◆ **TO DO**: Find the line below with "- 8x Pig Hog" and the line with "Leviticus 7:5 And". Output them and the lines between, exactly, but not the pictures.

◆ **GIVEN RECORDS**:

####################

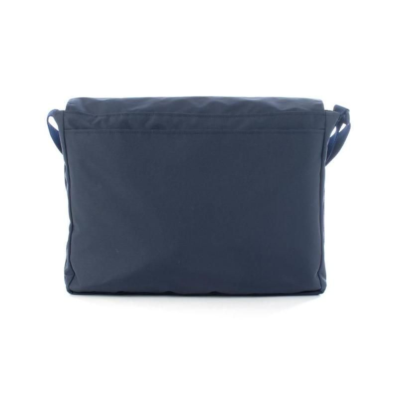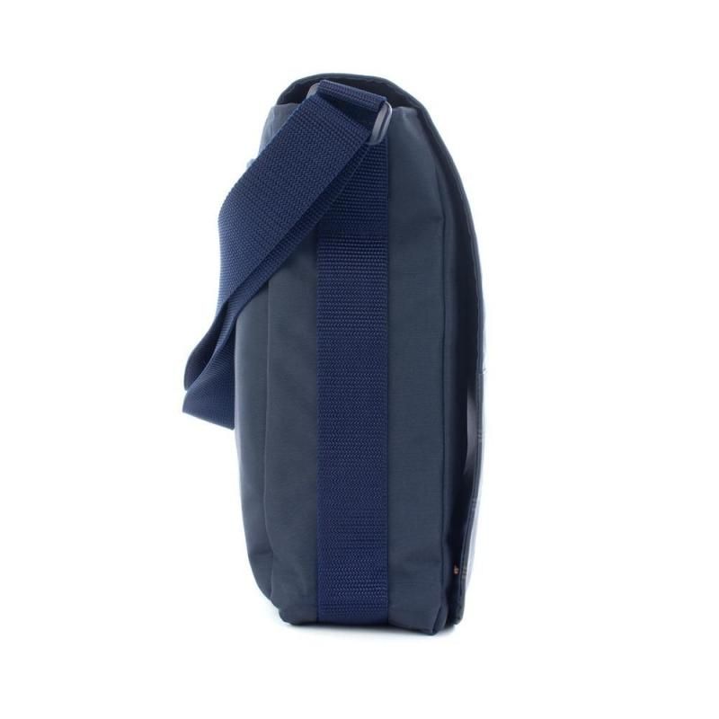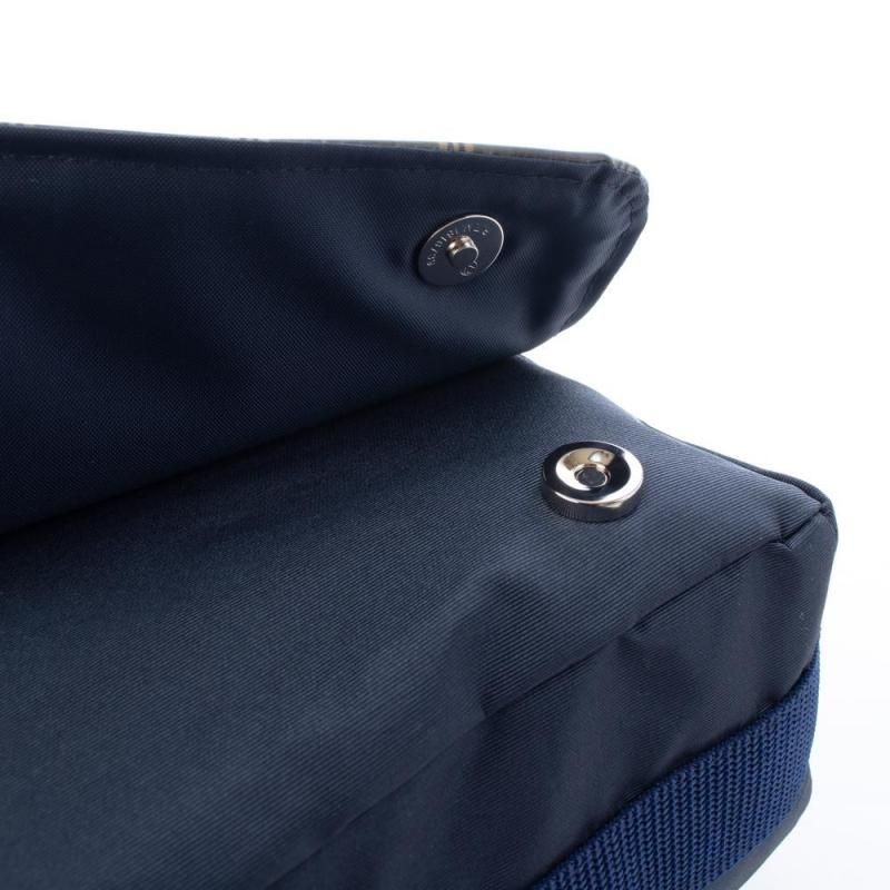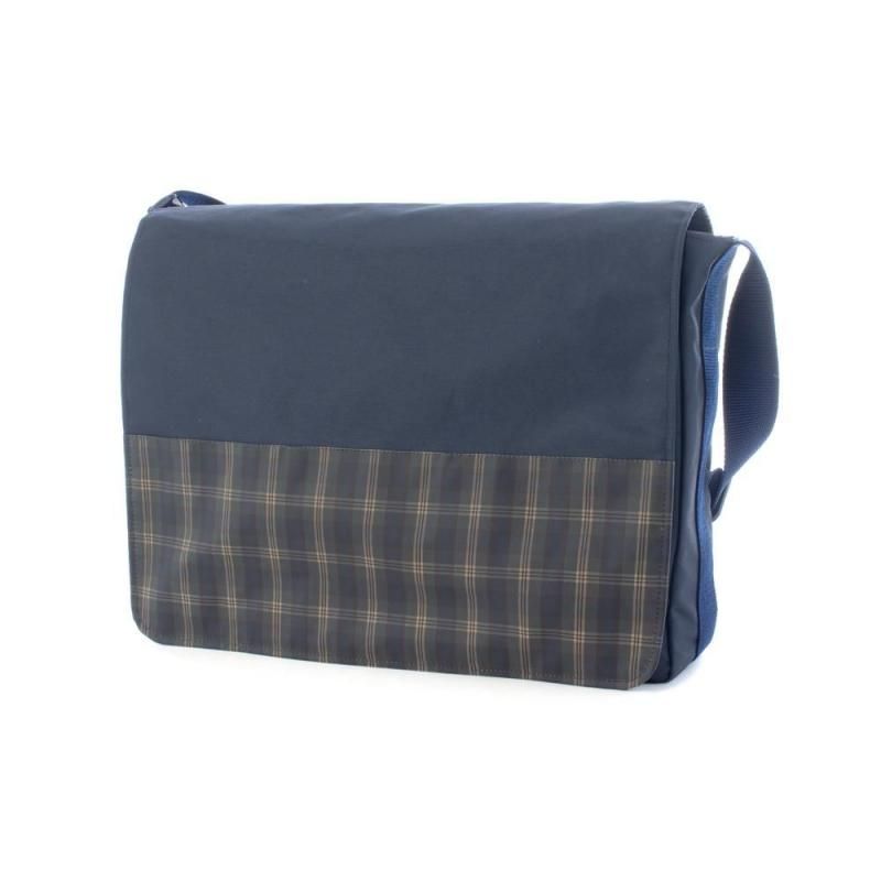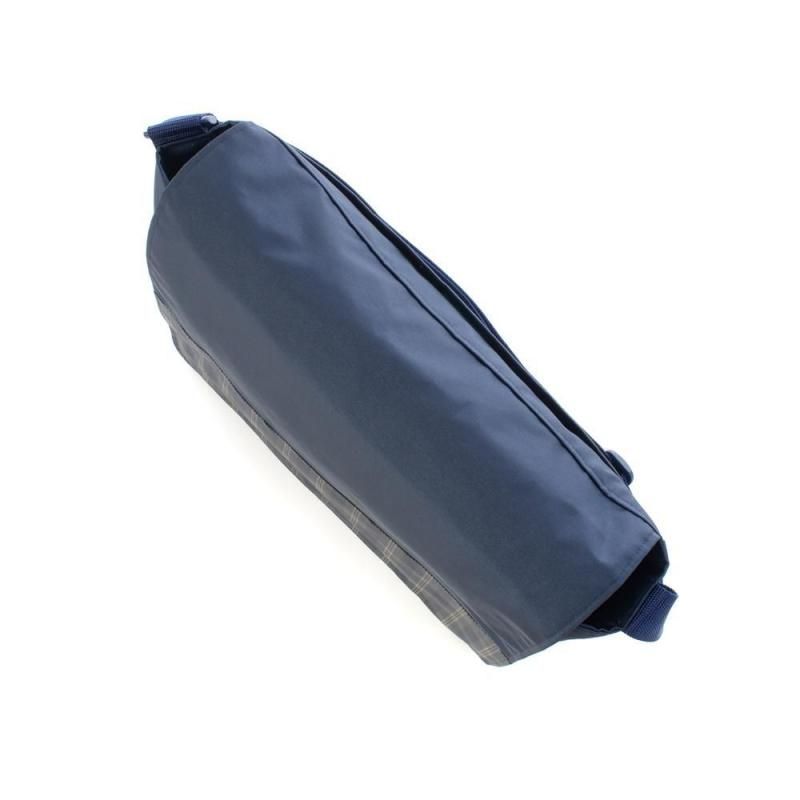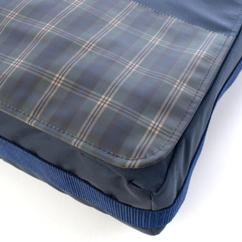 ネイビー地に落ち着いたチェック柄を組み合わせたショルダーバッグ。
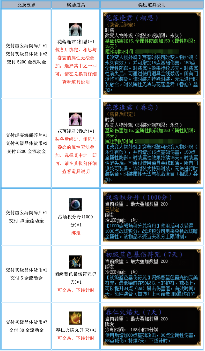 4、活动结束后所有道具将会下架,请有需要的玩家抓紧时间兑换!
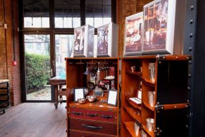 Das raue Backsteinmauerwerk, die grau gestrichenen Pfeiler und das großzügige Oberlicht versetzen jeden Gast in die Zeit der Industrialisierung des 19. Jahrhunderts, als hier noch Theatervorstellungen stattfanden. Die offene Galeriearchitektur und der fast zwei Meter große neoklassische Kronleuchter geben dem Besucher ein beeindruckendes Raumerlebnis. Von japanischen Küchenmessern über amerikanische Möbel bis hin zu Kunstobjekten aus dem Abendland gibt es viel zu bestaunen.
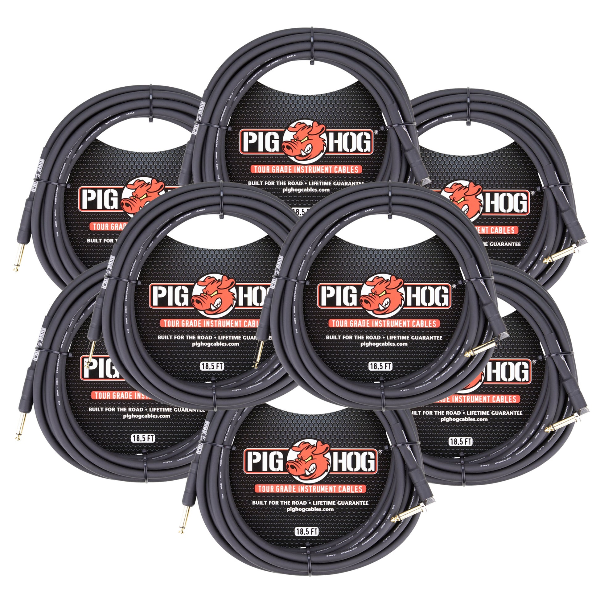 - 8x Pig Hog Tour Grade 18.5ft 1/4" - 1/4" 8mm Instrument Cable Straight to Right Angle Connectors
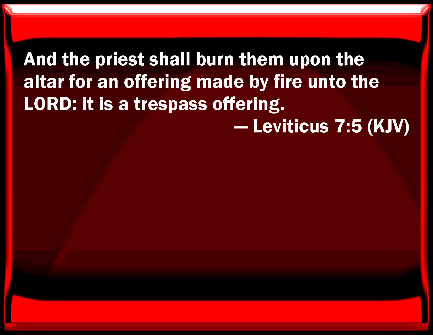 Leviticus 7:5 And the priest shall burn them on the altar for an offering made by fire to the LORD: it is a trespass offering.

####################

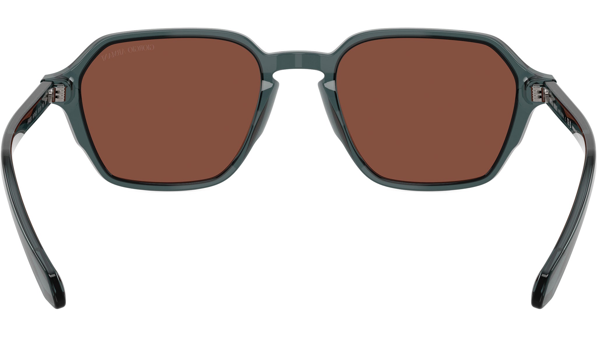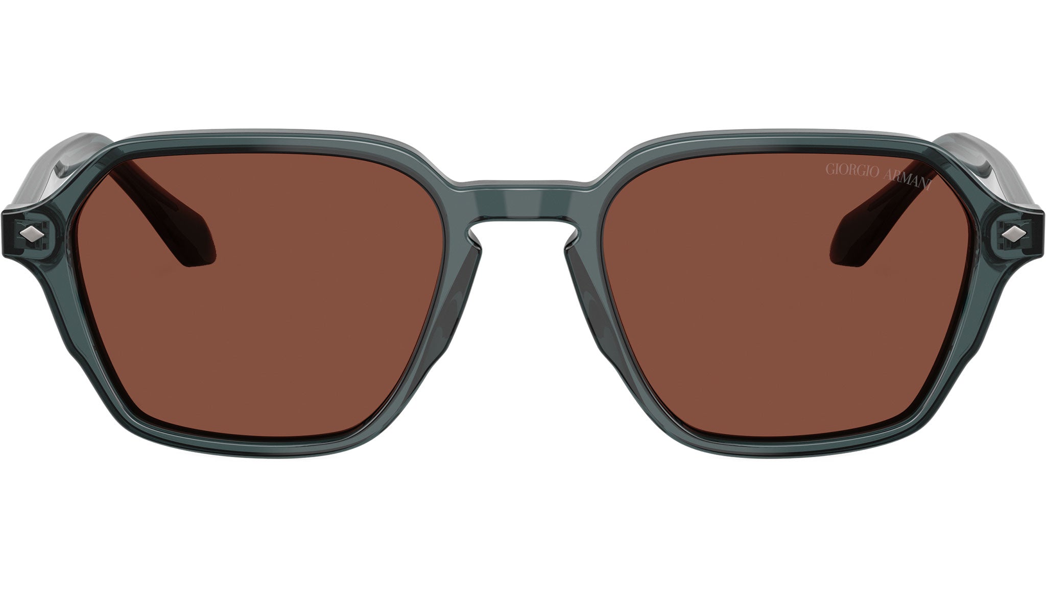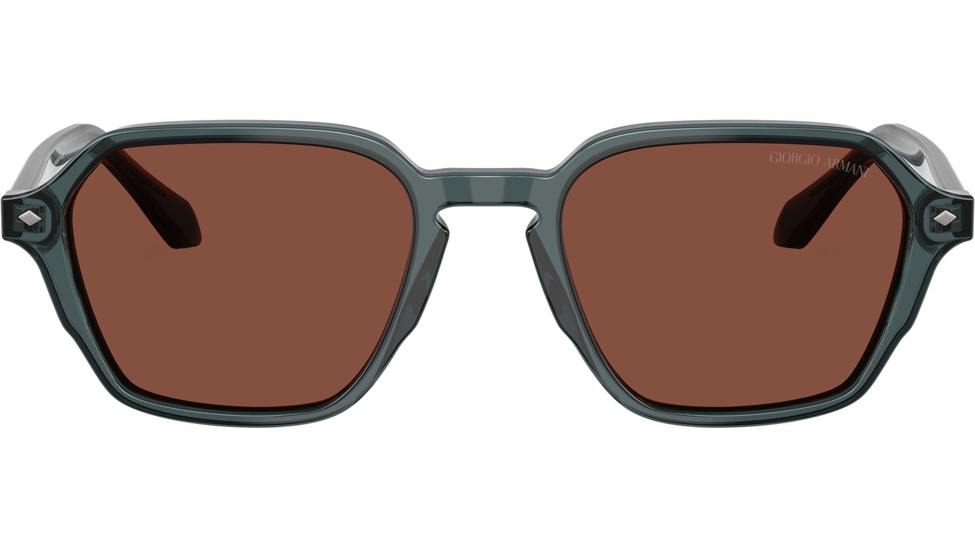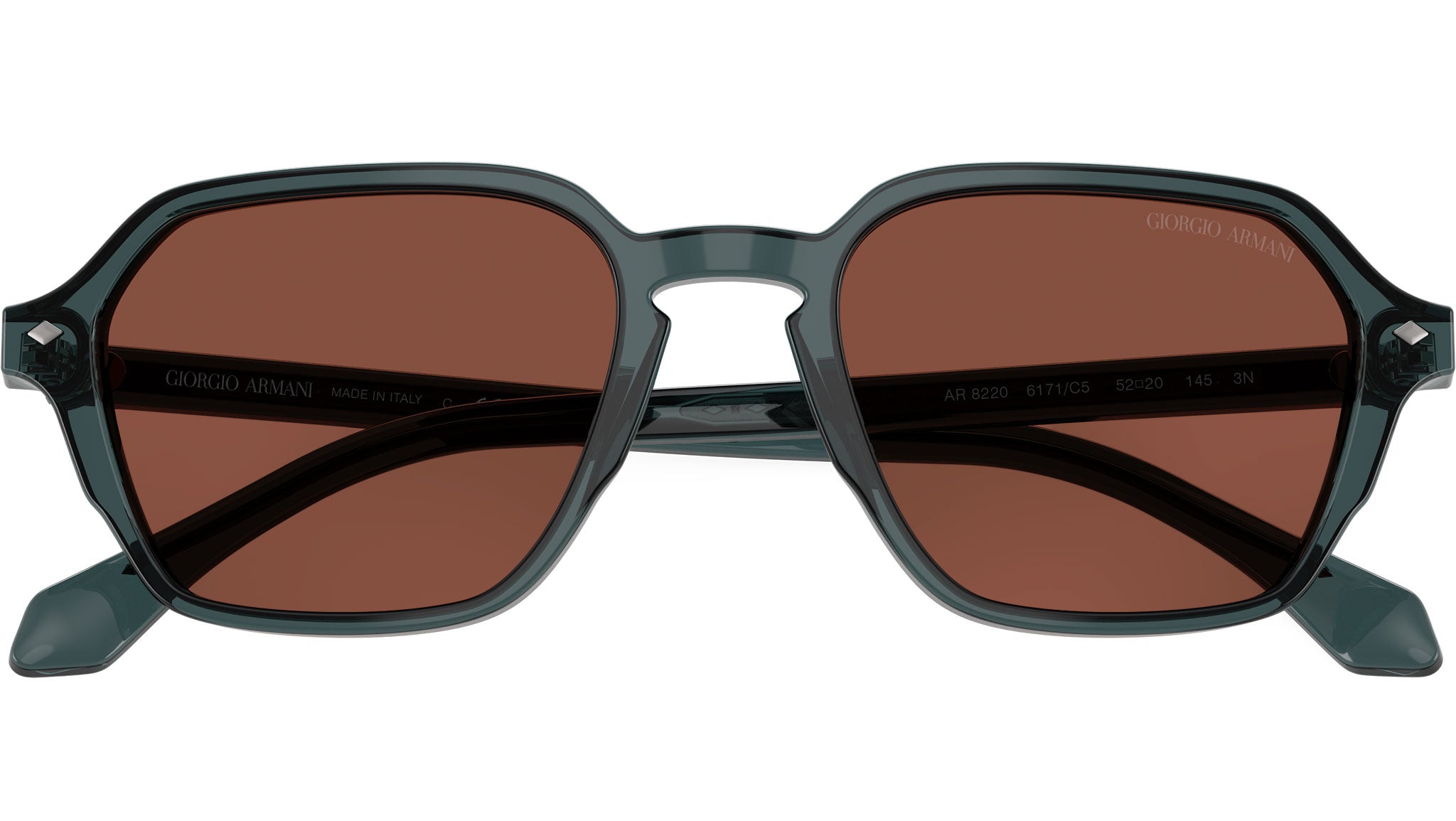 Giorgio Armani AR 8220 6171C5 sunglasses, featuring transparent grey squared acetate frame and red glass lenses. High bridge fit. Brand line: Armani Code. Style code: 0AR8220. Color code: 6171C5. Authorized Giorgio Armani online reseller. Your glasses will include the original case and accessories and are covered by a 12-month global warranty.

####################

◆ **TASK RESPONSE**:
 - 8x Pig Hog Tour Grade 18.5ft 1/4" - 1/4" 8mm Instrument Cable Straight to Right Angle Connectors
 Leviticus 7:5 And the priest shall burn them on the altar for an offering made by fire to the LORD: it is a trespass offering.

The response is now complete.